Ruchi Soya Industries Ltd is preparing to unleash an array of branded products across categories of edible oil segment in the next five years as country’s leading edible oil firm sees favourable growth potential for the packed oil category on the back of changing consumption patterns.

With a slew of new brands and more variants of existing brands across oil categories such as sun flower, palmolein, soyabean, cotton seed, mustard, groundnut and blended oil segments, the company seeks to increase the market share significantly from the present level of 18 per cent (by volumes).

Branded products accounted for close to one fourth of company’s turnover in 2012-13, up from 21 per cent in the previous year.

“In tune with the changing consumption patters, Ruchi Soya will come out with a range of brands in various categories,” said Satendra Aggarwal, Chief Operating Officer, Ruchi Soya Industries Ltd.

The Rs.26,499 crore company’s brand journey has started with sunflower oil segment and it has re-launched Sunrich, the company’s only sunflower oil brand, in a refreshed pack with different value proposition.

Ruchi Soya seeks to boost this business in south India initially as the region accounts for over 70 per cent (at four lakh tonnes) of packed sun flower oil market (5.6 lakh tonnes) in the country.
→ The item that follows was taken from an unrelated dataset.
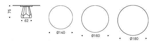 The Zermatt family of tables features a central base packed with corners and verticals. More precisely, it is formed of 15 sides that repeat around the central column with geometric precision. Each side of this prism appears to be a different colour, as light is reflected in varying intensity depending on the angle.

Tamil Nadu is the biggest market, followed by Karnataka and Andhra Pradesh.

Growth drivers

Penetration of organised retail into smaller towns, increasing urbanisation, changing customer preferences towards health aspects, among others are reported to be driving growth in the packed edible oil segment.

In the past five years, growth of edible oil in packed form far exceeded the industry rate.

It is expected that overall quantum of edible oil consumption will continue to grow significantly in the packed segment, with the pattern of consumption shifting from unpacked to packed form, across different layers of positioning from mass to premium markets.